Artificial intelligence (AI) and machine learning (ML) are on the verge of transforming healthcare by creating new, vital insights from the vast amount of data gathered during healthcare delivery activities every day. AI/ML-based life science innovations have been booming in recent years, with many innovations related to the following applications:

  • Early disease detection
  • Improved accuracy of disease diagnosis
  • Pattern recognition in human physiology
  • Personalized diagnostics and therapeutics

Graphic of the percentage of Medical Devices applications by year | Scilife

 

In 2020 and 2021, the largest number of innovations were in radiology and cardiology, in that order.

 

Graphic of Medical Innovations with AI/ML Based Life-Science Technologies | Scilife

 

Yesterday's dream of digital healthcare technology has become today's reality. This has undoubtedly opened many new avenues in the field of life science innovations. The tsunami of clinical data has resulted in the development of Software as a Medical Device (SaMD). The big players in this space are GE, Philips, and Medtronics, which are already paving their way to breakthrough innovations.

Challenges Ahead

While every challenge comes with an opportunity, every opportunity also comes with a challenge. In AI/ML-based innovations in the life science industry, the challenge is self-evolving algorithms that are designed to learn from real-world applications. These algorithms are also known as "adaptive" or "continuously learning" algorithms which require auto-improvements from real-world experiences that the device captures throughout its use. There are already plenty of SaMDs that function with “locked” algorithms in use. However, when an algorithm is locked, it deprives its user of auto-improvements based on real-life data to make more accurate predictions. Therefore, AI/ML-based life-saving technology's real success is when it is not dependent on human intervention and learns from its own real-world experiences.

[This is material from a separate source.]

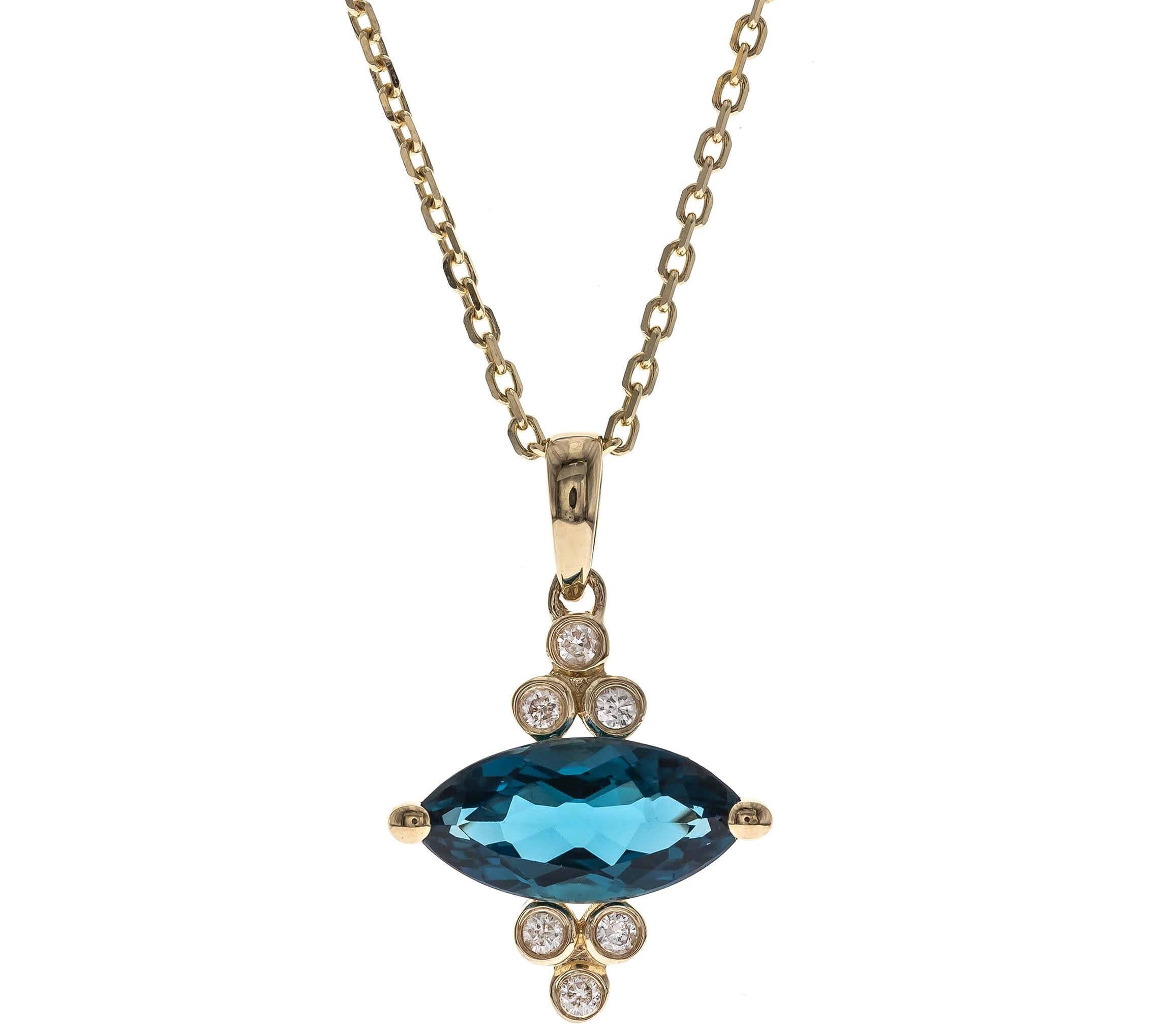 Hadley 14K Yellow Gold Marquise-Cut Brazilian London Blue Topaz Pendant

US FDA approved AI/ML Technologies

Until now, the FDA has only cleared or approved medical devices using locked algorithms, which provide repeatable results for the same input. Most of these technologies received approval through 510(k) premarket notification. However, according to a study published in the Journal of Medical Internet Research, "non-locked" learning algorithms are already used in self-diagnosis consumer apps today. However, the diagnostic efficiency of such apps seems to worsen over time. Therefore, systematic studies on a broader scale are necessary for healthcare providers and patients to correctly assess the safety, efficacy, and correct classification of such apps by healthcare regulating authorities. The FDA is aware of these developments and published a discussion paper to receive feedback on the proposed regulatory framework for modifications to AI/ML-based SaMD.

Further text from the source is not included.